In terms of money market funds, another choice must be made between taxable and tax-free funds. With a tax-free fund, an investor will usually not have to pay certain taxes on any income earned, but it often yields less on average than a taxable money market. A financial firm or advisor can help determine whether a taxable or tax-free money market is more appropriate. In general, investors in higher tax brackets gain more benefit from a tax-free money market, while investors in lower to medium tax brackets derive a higher overall yield from a taxable fund.
Once these considerations are made, an investor can then conduct a comparison of money market yields. This is especially convenient on the Internet, where there are numerous web sites that aggregate and list the best yielding money markets. Often, those sites will indicate the companies through which the money markets are sold, the yield, minimum balances, and other important information to consider.

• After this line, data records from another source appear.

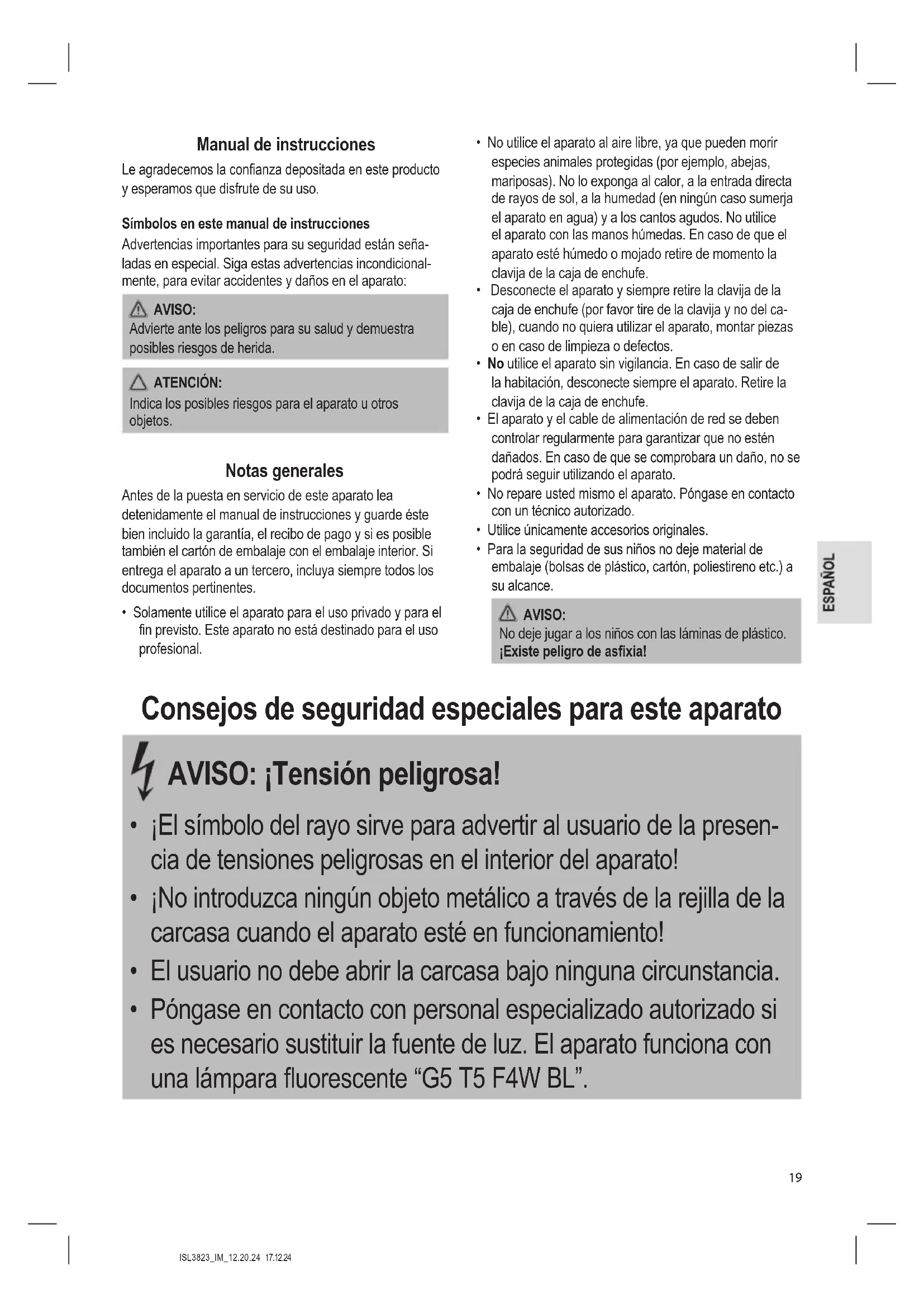 - La fuente de luz incluida sólo está prevista para esta lámpara de protección contra insectos y no para otras aplicaciones. El derecho de realizar modificaciones técnicas y de diseño en el curso del desarrollo continuo del producto esta reservado. Este aparato ha sido probado de acuerdo con todas las directivas CE vigentes y construido de acuerdo con las últimas normas de seguridad. Eliminación Fuente de luz AVISO: ¡Tensión peligrosa! El aparato debe desconectarse de la red eléctrica antes de retirar el tubo fluorescente. El tubo fluorescente debe desecharse por separado. Para ello, póngase en contacto con especialistas cualificados. Debido a su contenido en mercurio, los tubos fluorescentes T5 no deben desecharse con la basura doméstica normal. Deben llevarse a un punto de recogida de residuos peligro- sos adecuado o a un centro de reciclaje. Significado del símbolo “Cubo de basura” Proteja nuestro medio ambiente, aparatos eléc- tricos no forman parte de la basura doméstica. Haga uso de los centros de recogida previstos para la eliminación de aparatos eléctricos y entregue allí sus aparatos eléctricos que no vaya a utilizar más. Ayudará en evitar las potenciales consecuencias, a causa de una errónea eliminación de desechos, para el medio ambiente y la salud humana. Con ello, contribuirá a la recuperación, al reciclado y a otras formas de reutilización de los aparatos viejos eléctricos y electrónicos. La información cómo se debe eliminar los aparatos, se obtiene en su ayuntamiento o su administración municipal. Su distribuidor y socio contractual también está obligado a recuperar el aparato antiguo sin coste alguno.ISL3823_IM_12.20.24 17.12.24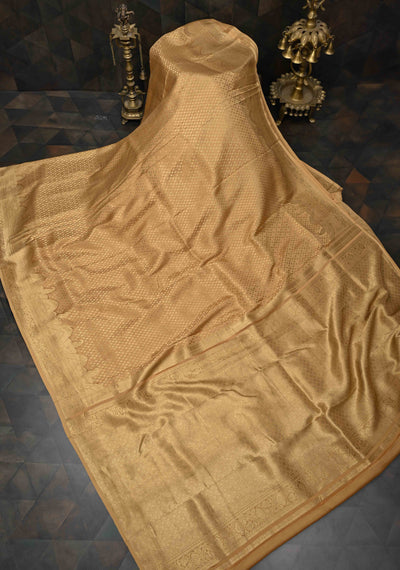 Dusty Gold Kanjivaram Tissue Silk Saree with Zari Brocade and Contrast Zari Border | SILK MARK CERTIFIED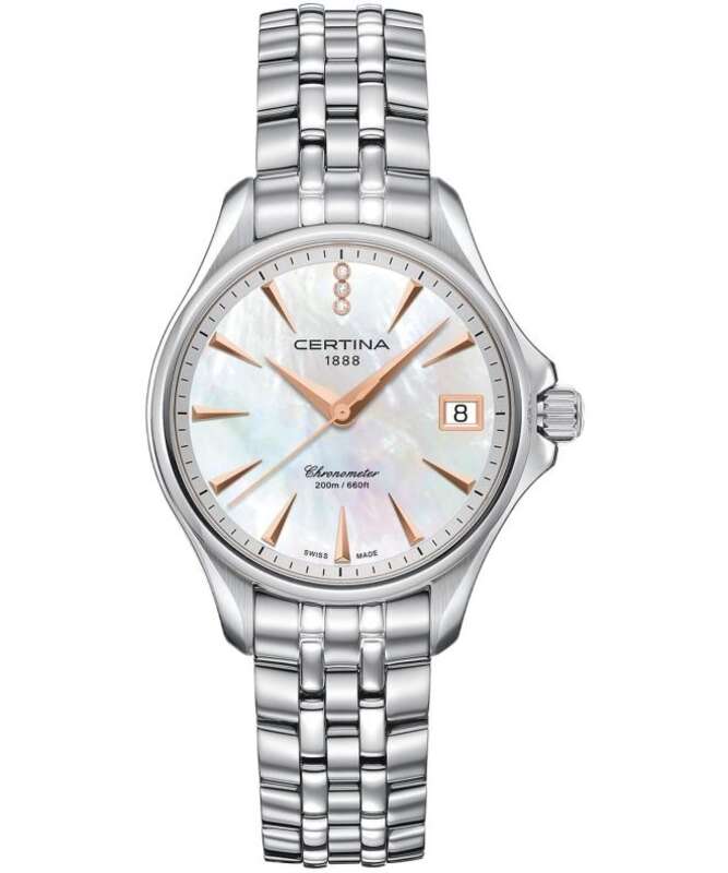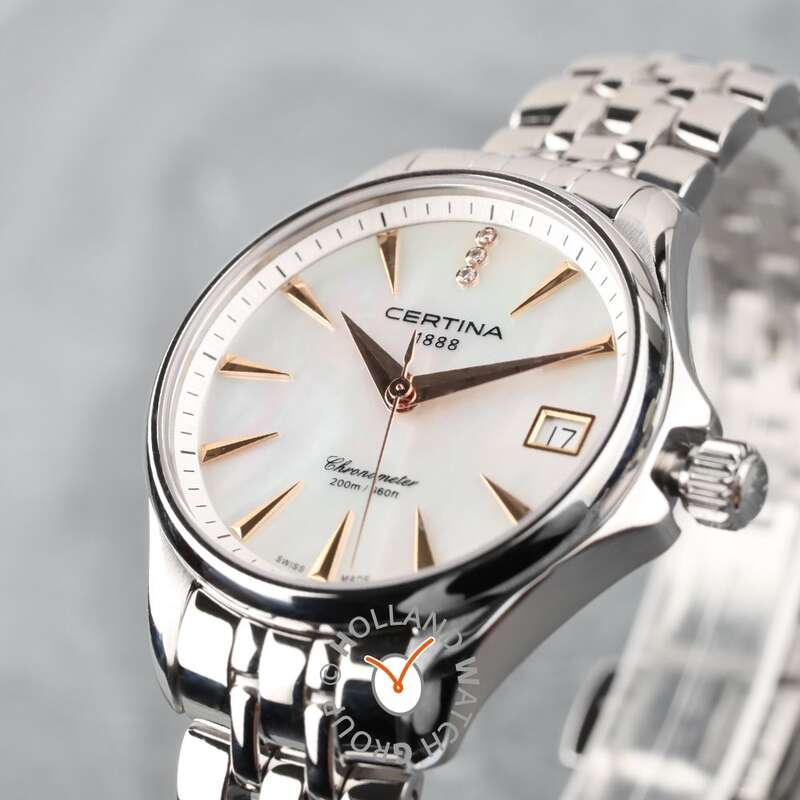C032.051.11.116.00 שעון סרטינה בלוח פנינה לאישה משובץ | שעון יוקרה עם עמידות למים | 5 שנים אחריות יבואן רישמי | Certina, Womens, DS ACTION Lady Diamonds, Stainless Steel, Swiss Watch, C0320511111600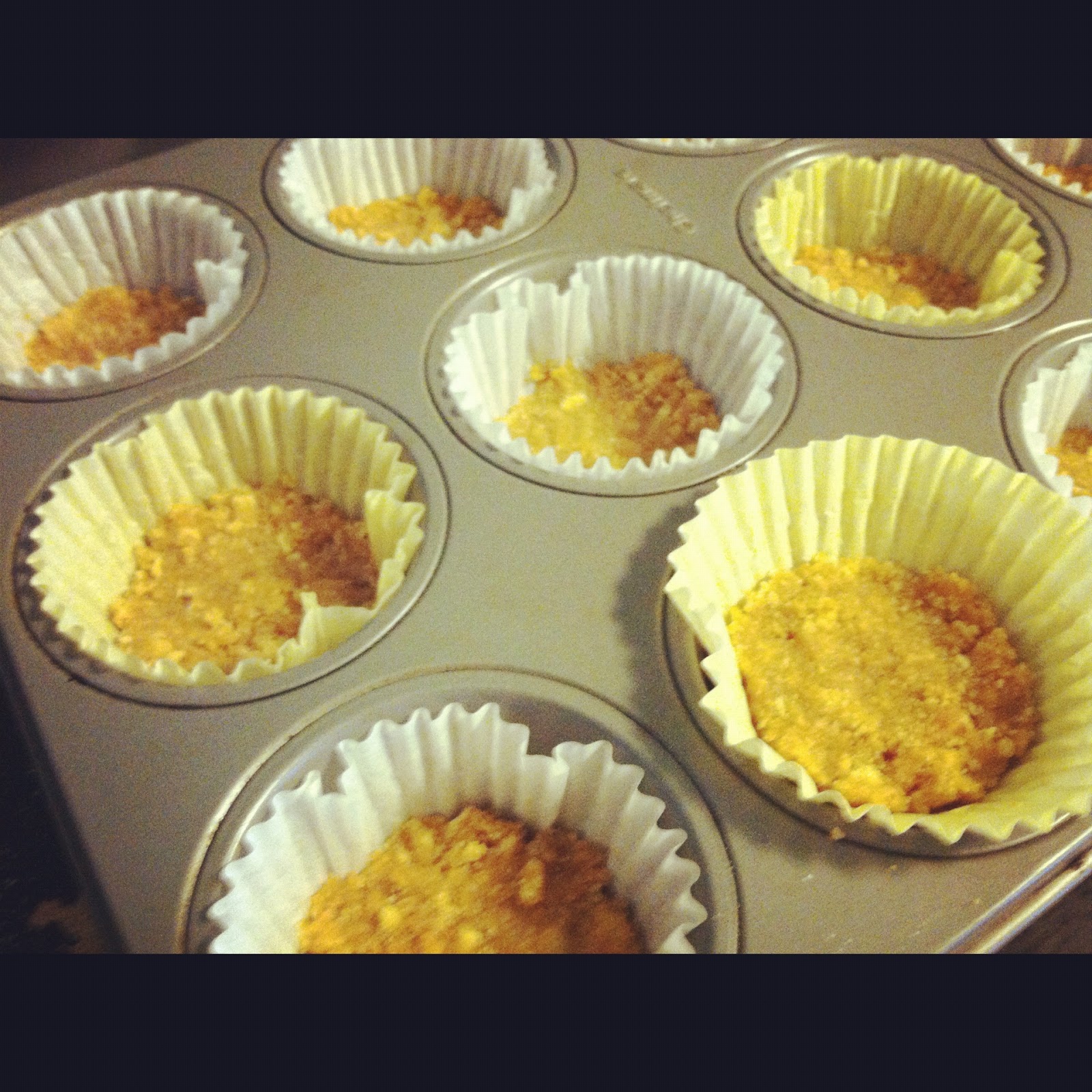 2. Put about 2 tsp of mixture into muffin tin cups and smash down.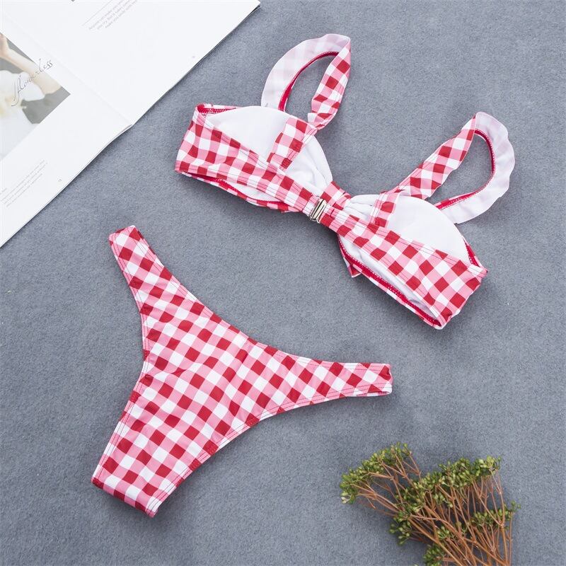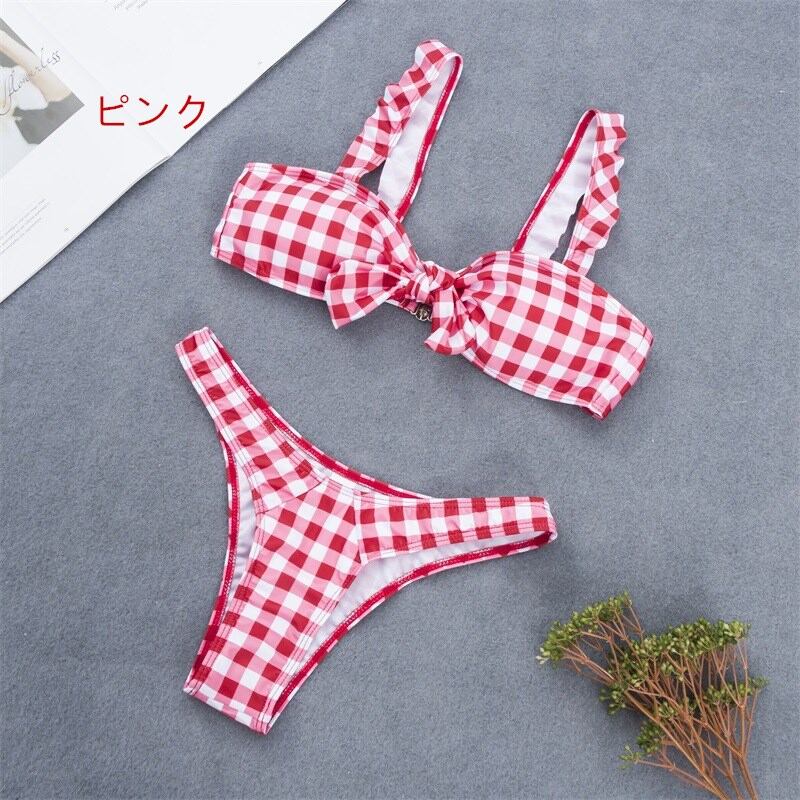 セクシーなチェック柄ビキニ 胸もとリボン パッドポケットあり
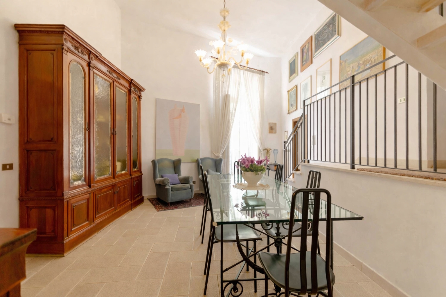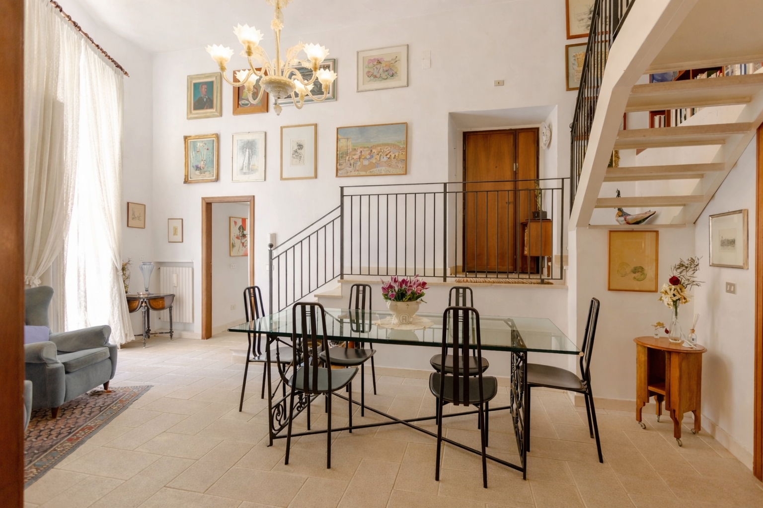 Varcando la soglia, si viene accolti da una zona giorno di forte impatto scenografico, caratterizzata da volte imponenti alte circa cinque metri e da un elegante gioco di soppalchi che creano profondità, movimento e una straordinaria sensazione di ariosità. La luce naturale diventa protagonista assoluta, avvolgendo ogni spazio.
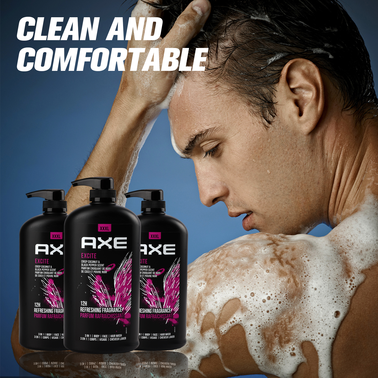 Add to your skin care regimen to wash away odor and smell refreshed with our AXE men's body wash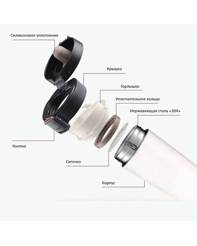 - Особенность термокружки С ситечком, Непроливайка, Отверстие для питья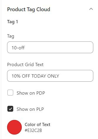 You will be able to add the specfic tags & text here that you want displayed on the PLP & PDP. You also have the option to just show it on one or the other.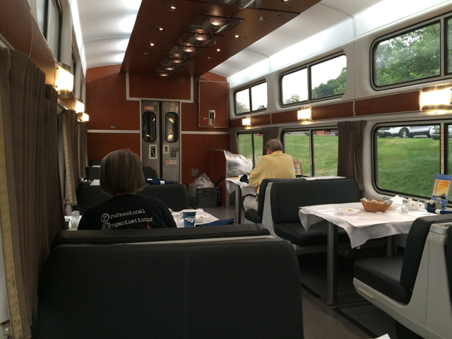 Breakfast in the dining car came as the Silver Meteor stopped in Jesup,

With a fund, the investor should look at the 7-day yield. With an account, the annual percentage yield is important. It is critical to note that the highest money market yields may not be appropriate to all investors. In general, a higher yielding money market has more qualifications and restrictions, such as larger account balances and fees.
Convenience is another important factor to consider. For example, many investors have many or all assets invested through one financial firm. When considering whether to add a money market to his or her portfolio, the investor will want to look at the money market yields but also consider the convenience factor of managing numerous and different statements and working through one or various companies.
Ultimately, an investor may want to secure the assistance of a financial advisor. An advisor can help determine whether a money market is truly an appropriate investment. He can also help choose the best and most appropriate money market yields.